The talk was well received, thank you. It wasn’t an attempt to provied an alternative scriptural interpretation as a foundation for supporting equal marriage, but an account of a continuing journey, and observations about the ministry of Jesus which tend to get overlooked in the discussions. Also a side-swipe at the House of Bishops updated ‘pastoral guidance’, and the forthcoming Franklin Graham UK tour, his “open letter to the UK LGBT community in the UK”, and the petition against the cancellation of venues for the tour.
Your comments are making me look more closely at my understanding of various passages which I have used to support the point of view I am pursuing. So this response is in some respects provisional. As regards your own framework of understanding, as far as I understand it without having read the book, I think your final comment is probably right - “It’s a difficult argument to make” - even if it is a good way to take seriously the God of history.
I’d just like to make a few brief observations on your comments.
Malakos - I understand that the word had come to mean “effeminate”, but if Paul had wanted to refer to the younger/passive partner in a paederastic relationship, as Fee says - “The problem is that there was a technical word for such men, and malakos is seldom, if ever, so used. Since it is not the ordinary word for homosexual behaviour, one cannot be sure what it means in a list like this, where there is no further context to help.” Do you think Paul was referring to effeminate behaviour in general? The other problem is that the word is only used once in the NT, and in a list which provides no explanatory context for its meaning. My NIV has “male prostitutes”, but there are probably as many translations as there are versions of the bible. At this point, you may well be justified in saying “Read the book!”.
Paederasty - I’m sure I read somewhere that although the practice was widespread, it was also widely abhorred - (probably not least by the young victims). I’ll have to try to find the source of the idea. You do say “it’s probably impressionistic” - but again there are those who maintain that the three types of same-sex practice accounted for the vast majority in Paul’s time. (Sources).
The point I was making about idolatry and same-sex practice was that male prostitution to do with cultic festivals and the shrines was very prominent in the Graeco-Roman world of Paul’s time, besides the other two types of same-sex practice which tend to be identified. But the argument is to ask whether anything like committed same-sex relationships are mentioned in the histories of the ancient world. N.T.Wright says there is, but then only cites Nero and his castrated slave boy, which isn’t really a good example of supposed widespread practice, let alone a model which might describe committed same-sex relationships today.
I get your point about same-sex practice belonging “to a narrative about the land” (out of which Israel would be “vomited” if she engaged in such things). But is this more than a cultic practice? Philo understands the Leviticus 18 passage to refer to male temple prostitution (The Special Laws, III, Vii, 40-42 ). Robert Gagnon (no supporter of same-sex relationships) holds the same opinion, given the context of Canaanite and Egyptian idolatry (The Bible and Homosexual Practice, P.130).

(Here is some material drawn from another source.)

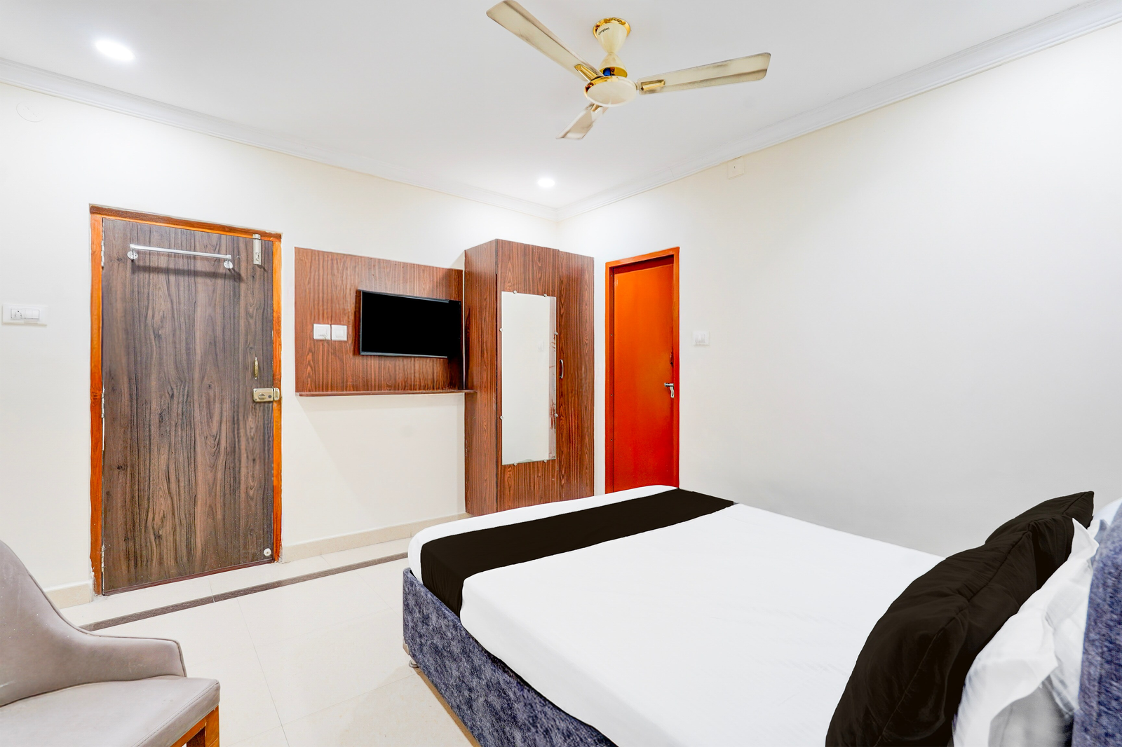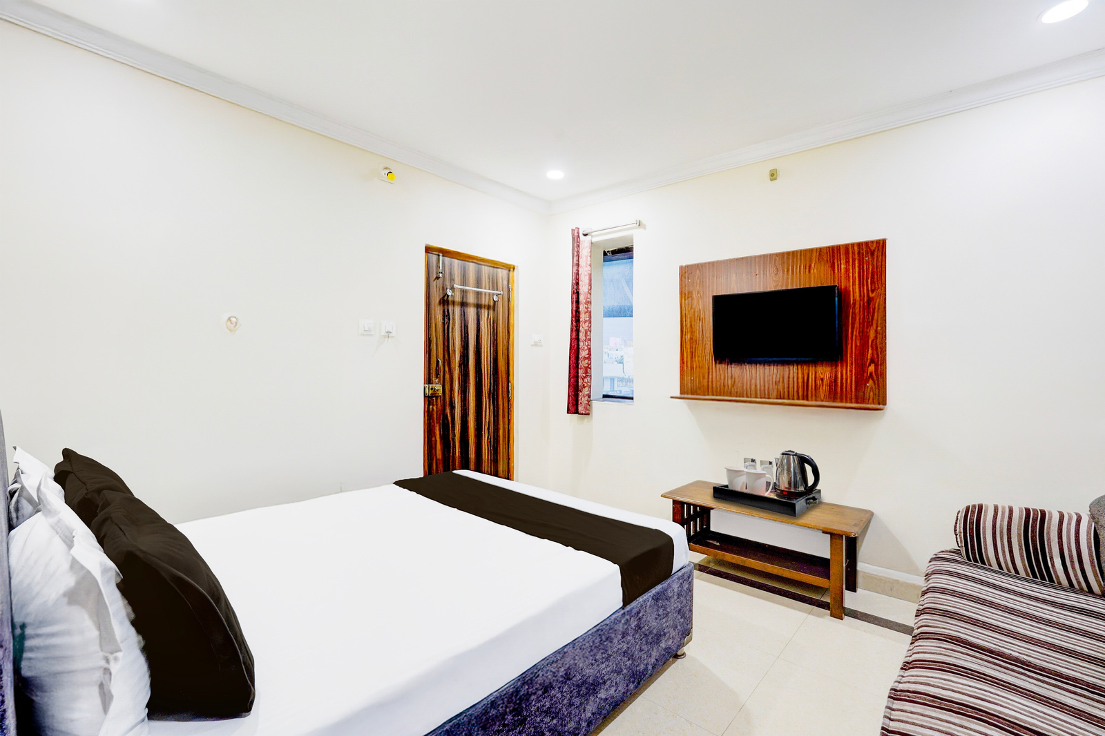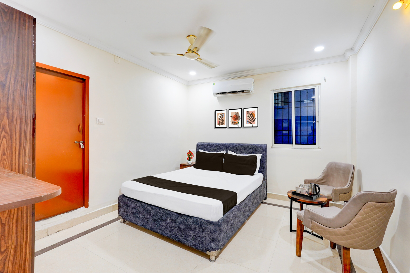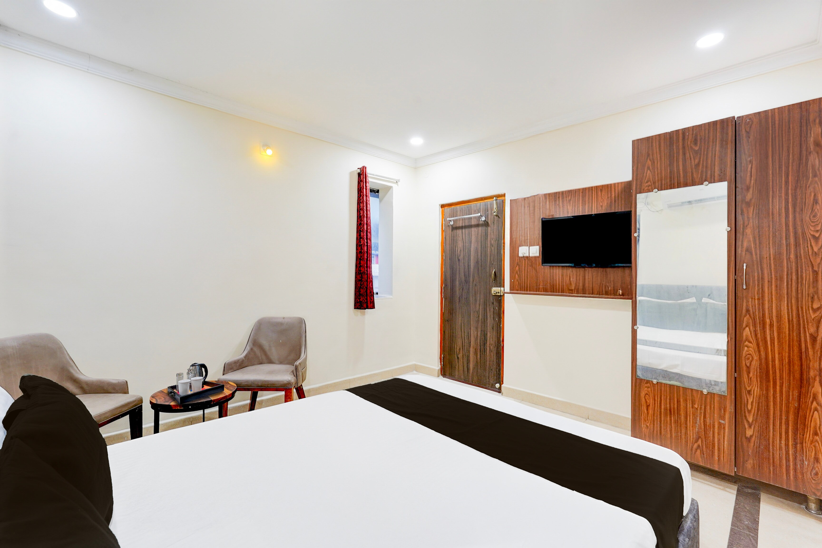 Super Hotel O Airport Road Near Leela Mahal in Tirupati offers family rooms with air-conditioning, private bathrooms, work desks, and seating areas. Each room includes free toiletries, a bath or shower, TV, tiled floors, and a wardrobe.

Of the passages you cite to do with male prostitution (Deut. 23:17; cf. 1 Kings 14:24; 15:12; 23:7), two refer to Male shrine prostitution “in the land”, and two to male shrine prostitutes in the temple. My assumption is that male prostitution of this kind was carried over from the practices of the inhabitants of the land. Whatever tha case, the argument still stands that no other form of same-sex practice is in view in the OT.
So I do think the argument that same-sex relationships are prohibited on the basis of biblical texts is very weak. In the end, the trump card for those holding this view is Genesis 2, and the marriage covenant in particular. This is a variation of the “God made Adam and Eve, not Adam and Steve” argument, but also points to a way of reading the bible which is literal and dogmatic. The verses do not say that any variation whatsoever in the covenant is illegitimate, as the numerous commands for variations in the OT demonstrate.
I’m not pursuing an exhausting exchange of views, as I haven’t read your book (yet). On the other hand, if you have some further information which you think I should know about, I’d appreciate it.